Transcribe word for word the section of the records below that opens with the line containing "Europol buildings, The Hague, Netherlands" and closes with the line containing "Canterbury (29 points)"; drop every picture.

BEGIN Given information

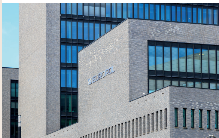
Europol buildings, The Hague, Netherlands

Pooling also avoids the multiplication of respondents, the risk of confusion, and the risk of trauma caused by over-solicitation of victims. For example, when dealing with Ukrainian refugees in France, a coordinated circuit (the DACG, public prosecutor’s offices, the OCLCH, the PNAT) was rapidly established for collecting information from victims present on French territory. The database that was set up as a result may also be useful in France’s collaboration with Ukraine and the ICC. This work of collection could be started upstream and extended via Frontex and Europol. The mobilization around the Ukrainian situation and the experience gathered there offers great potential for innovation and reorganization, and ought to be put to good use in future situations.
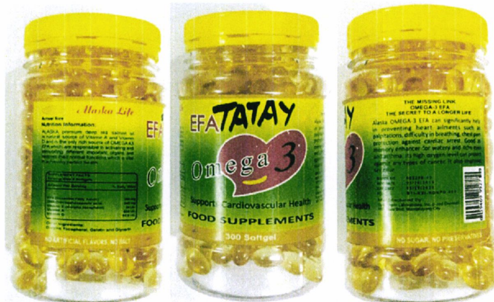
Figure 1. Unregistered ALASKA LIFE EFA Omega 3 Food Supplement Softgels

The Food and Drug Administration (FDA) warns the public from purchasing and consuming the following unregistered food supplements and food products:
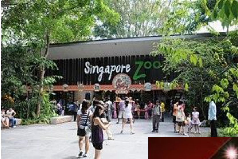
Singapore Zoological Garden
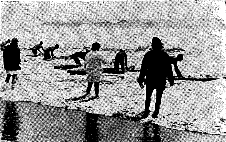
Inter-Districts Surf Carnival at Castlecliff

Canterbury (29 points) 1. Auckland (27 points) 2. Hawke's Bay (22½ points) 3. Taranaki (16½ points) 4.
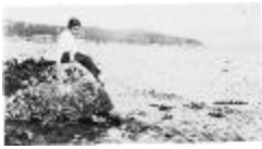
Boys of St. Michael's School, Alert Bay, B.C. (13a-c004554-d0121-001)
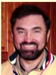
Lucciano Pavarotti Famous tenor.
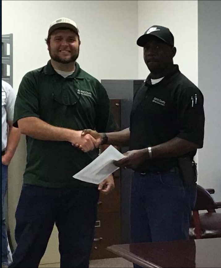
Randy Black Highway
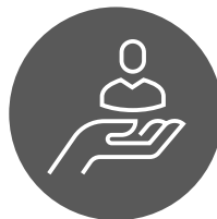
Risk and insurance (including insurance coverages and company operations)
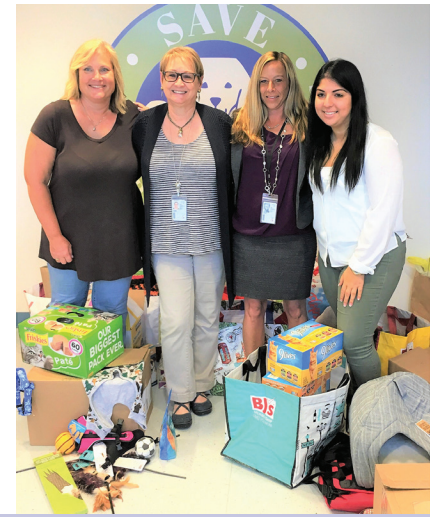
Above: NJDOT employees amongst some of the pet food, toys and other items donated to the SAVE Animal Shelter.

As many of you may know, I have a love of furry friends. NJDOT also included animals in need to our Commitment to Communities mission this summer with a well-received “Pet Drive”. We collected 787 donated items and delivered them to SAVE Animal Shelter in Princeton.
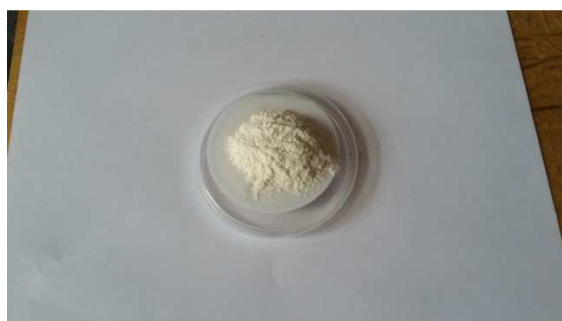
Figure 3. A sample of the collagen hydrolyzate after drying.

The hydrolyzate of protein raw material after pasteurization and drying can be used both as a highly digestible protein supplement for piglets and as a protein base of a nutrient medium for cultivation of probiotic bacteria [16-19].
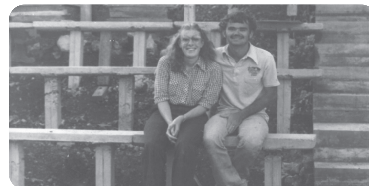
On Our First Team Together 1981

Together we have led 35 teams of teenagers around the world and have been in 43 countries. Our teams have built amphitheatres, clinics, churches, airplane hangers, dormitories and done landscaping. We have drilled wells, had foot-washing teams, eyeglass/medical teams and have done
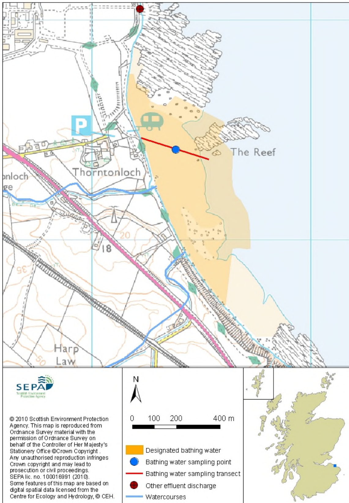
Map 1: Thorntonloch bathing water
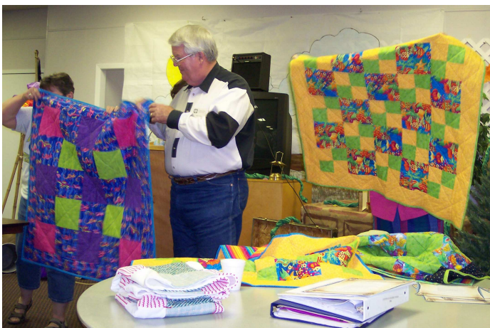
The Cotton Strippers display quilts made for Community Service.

END Given information
BEGIN Given information

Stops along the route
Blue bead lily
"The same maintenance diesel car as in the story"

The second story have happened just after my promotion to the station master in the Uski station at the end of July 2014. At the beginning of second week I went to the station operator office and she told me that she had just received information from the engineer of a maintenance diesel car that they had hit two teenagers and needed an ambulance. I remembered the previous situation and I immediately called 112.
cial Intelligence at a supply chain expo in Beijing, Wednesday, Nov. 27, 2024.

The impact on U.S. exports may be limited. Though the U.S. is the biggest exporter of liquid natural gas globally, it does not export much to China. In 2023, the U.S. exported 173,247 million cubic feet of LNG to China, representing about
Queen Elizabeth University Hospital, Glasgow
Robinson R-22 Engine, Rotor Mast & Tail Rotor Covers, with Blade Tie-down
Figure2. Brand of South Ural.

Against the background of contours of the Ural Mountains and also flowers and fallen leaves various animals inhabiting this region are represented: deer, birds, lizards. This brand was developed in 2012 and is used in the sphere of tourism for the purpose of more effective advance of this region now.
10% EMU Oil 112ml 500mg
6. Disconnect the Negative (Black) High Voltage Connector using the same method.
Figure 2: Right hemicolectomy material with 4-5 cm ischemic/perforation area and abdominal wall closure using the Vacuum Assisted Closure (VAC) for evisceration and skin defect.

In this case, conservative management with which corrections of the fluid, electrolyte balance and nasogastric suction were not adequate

END Given information
BEGIN Given information

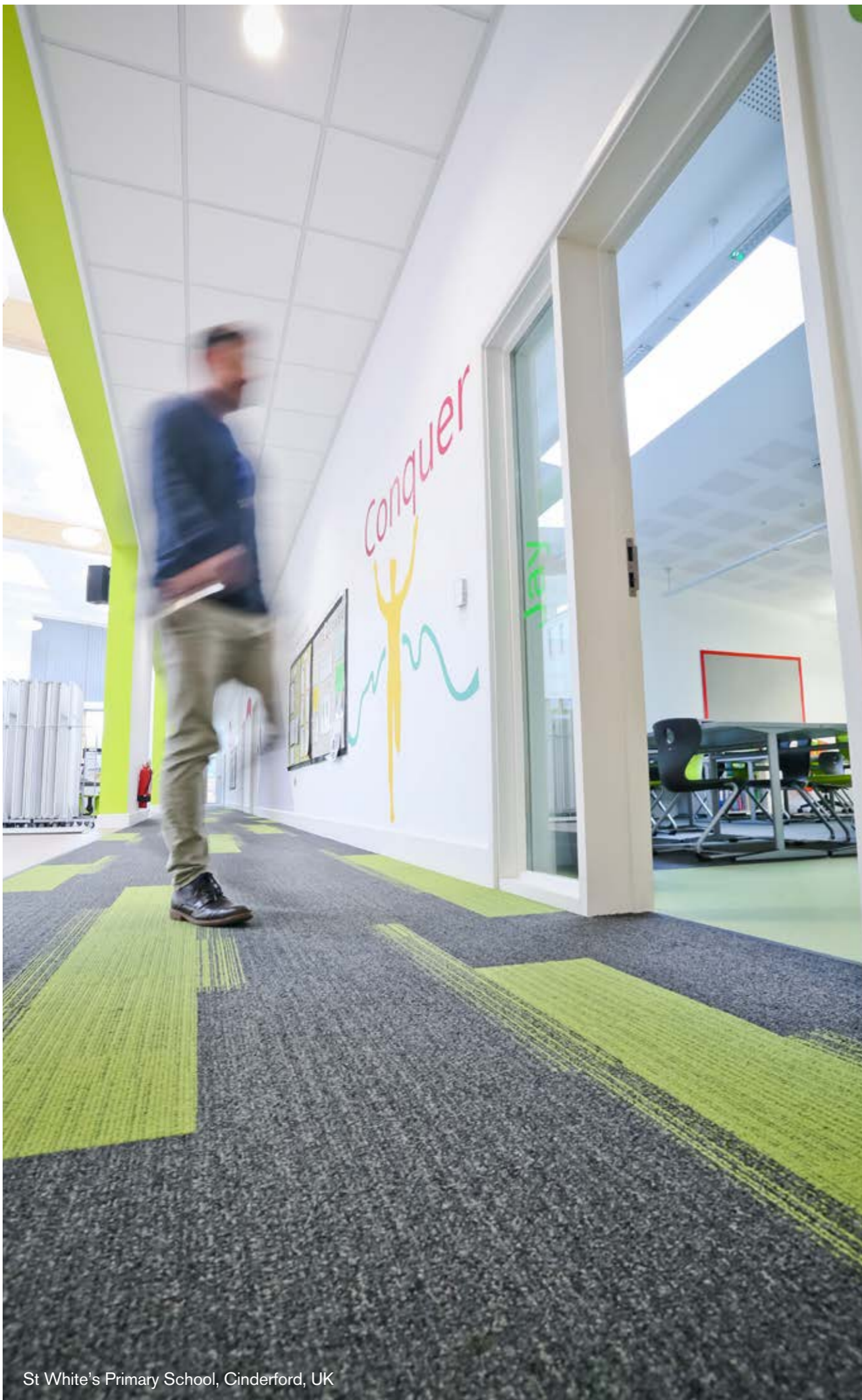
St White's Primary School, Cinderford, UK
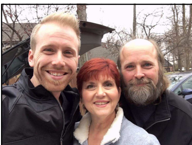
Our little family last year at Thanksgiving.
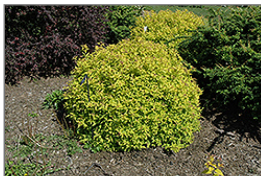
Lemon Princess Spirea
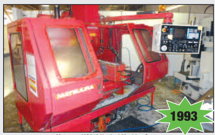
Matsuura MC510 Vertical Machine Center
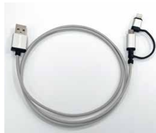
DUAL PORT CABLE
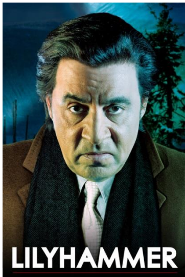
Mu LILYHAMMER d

END Given information

> **Exercise answer**
Europol buildings, The Hague, Netherlands

Pooling also avoids the multiplication of respondents, the risk of confusion, and the risk of trauma caused by over-solicitation of victims. For example, when dealing with Ukrainian refugees in France, a coordinated circuit (the DACG, public prosecutor’s offices, the OCLCH, the PNAT) was rapidly established for collecting information from victims present on French territory. The database that was set up as a result may also be useful in France’s collaboration with Ukraine and the ICC. This work of collection could be started upstream and extended via Frontex and Europol. The mobilization around the Ukrainian situation and the experience gathered there offers great potential for innovation and reorganization, and ought to be put to good use in future situations.
Figure 1. Unregistered ALASKA LIFE EFA Omega 3 Food Supplement Softgels

The Food and Drug Administration (FDA) warns the public from purchasing and consuming the following unregistered food supplements and food products:
Singapore Zoological Garden
Inter-Districts Surf Carnival at Castlecliff

Canterbury (29 points) 1. Auckland (27 points) 2. Hawke's Bay (22½ points) 3. Taranaki (16½ points) 4.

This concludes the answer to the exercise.